In a career-making performance, the 18-year-old Emelie Dequenne played a teen struggling to support herself and her alcoholic mother with fleeting, fragile jobs: Though incidentally a damning study of Belgian labour law and social welfare, the film was no political screed. With the kind of grainy everyday detail that only comes via acute human interest and observation — down to its wince-inducing depiction of period pain amid poverty — the brothers plainly distinguished themselves from the filmmakers to whom they drew immediate critical comparisons, including Ken Loach and Robert Bresson.

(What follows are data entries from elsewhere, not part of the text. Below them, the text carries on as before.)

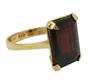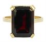 Jednoduchý elegantní prsten ze žlutého zlata ryzosti 585/1000 zdobí almandin rozměru 14 x 9 mm. Velikost prstenu 58, celková hmotnost 4,48 g.
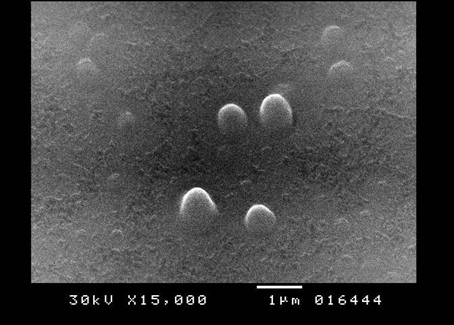 For scanning electron microscopy (SEM), dried solid lipid nanoparticles loaded with model drugs were fixed on a brass stub using double-sided adhesive tape and then made electrically conductive by coating with a thin layer of gold for 30 seconds using JEOL fine coat (JFC-1100F ion sputtering device) and scanned using JEOL (JSM-S. M 5300) using software (ORION 6.60.4).
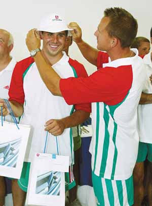 Angyali terv: több Eb-címet a tavalyinál Úgy tűnik, minden adott ahhoz, hogy a július 18-án kezdődő szegedi kajak-kenu Európa-bajnokság minden szempontból nagy sikert hozzon. Tegnap a dunavarsányi edzőtáborban már a végleges Eb-keretet is kihirdették, s a rangos névsor jó eredményekkel kecsegtet. Angyal Zoltán szövetségi kapitány döntése alapján a női kajak kettesek 1000 m-es számában - Kovács Katalin helyett - Szabó Szilvia lesz Bóta Kinga párja. ![]() Kammerer sapkapróbájához Storcz asszisztál A négyesben Janics Natasa helyett Viski Erzsébet ül a hajóba Paksy Tímea, Móni Katalin és Keresztesi Alexandra mellett. A férfi kenu négyeseknél - amint azt már korábban bejelentették - a sérült Zala György helyett Novák Ferenc került be a hajóba. Novák Iván Gáborral, Belicza Bélával és Kozmann Györggyel alkotja a négyest. - A tavalyi Eb előtt hat aranyat reméltem, de végül többet szereztünk - mondta Angyal Zoltán szövetségi kapitány. - Remélem, most is túlteljesítjük a tervet. rm, A színes Sport 2002.07.12. |
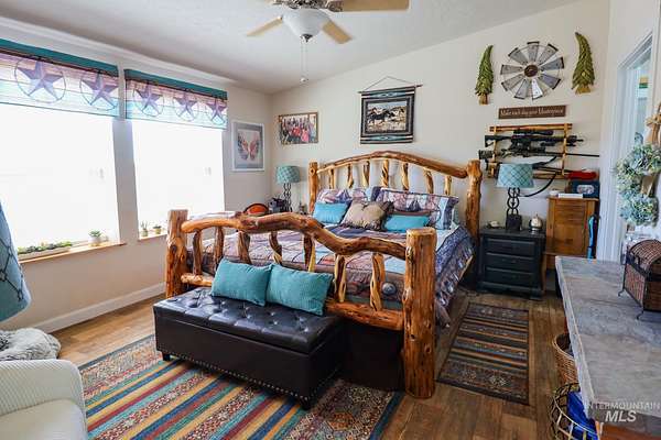 Nestled in the scenic beauty of Harney County, this 80+- acre property boasts breathtaking views of the Steens Mountains and offers many possibilities. At the top of the land sits a well-maintained 3-bedroom, 2-bath home with approximately 1,780+- SF of living space. The home features a nice island kitchen with hickory cabinets, large picture windows that capture the surrounding vistas, a convenient mudroom, and additional storage. A newly installed heat pump ensures efficient climate control throughout the year, and all doorways are extra wide for easy access. Step outside to enjoy the peaceful rural surroundings from the enclosed patio with a hot tub, or unwind by the private, man-made pond that's perfect for swimming. The property includes three charming guest cabins, each fully furnished with A/C units and high-speed internet via Starlink. One cabin features beautiful Juniper wood interior walls, while the other two feature tongue-and-groove wood finishes. Each cabin has its own deck, creating a serene retr

“Rosetta” set the pace for a joint career that would yield further delicately rough portraits of contemporary Belgian life on the social margins, not to mention numerous further prizes. Their Cannes strike rate is enviable: 2005’s shattering “The Child” — about a young, desperate father who sells his newborn infant on the adoption black market, and suffers the spiraling consequences — brought them a second Palme d’Or, launching them into an elite club of auteurs with the likes of Coppola and Haneke. 2007’s “Lorna’s Silence” saw them apply their social realist tropes to an urgent thriller format, and landed them a screenplay award on the Croisette; 2011’s “The Kid With a Bike” was a back-to-basics reset, a problem-child portrait as simply expressed as its title, and very nearly landed them a third Palme, settling for the Grand Prix instead.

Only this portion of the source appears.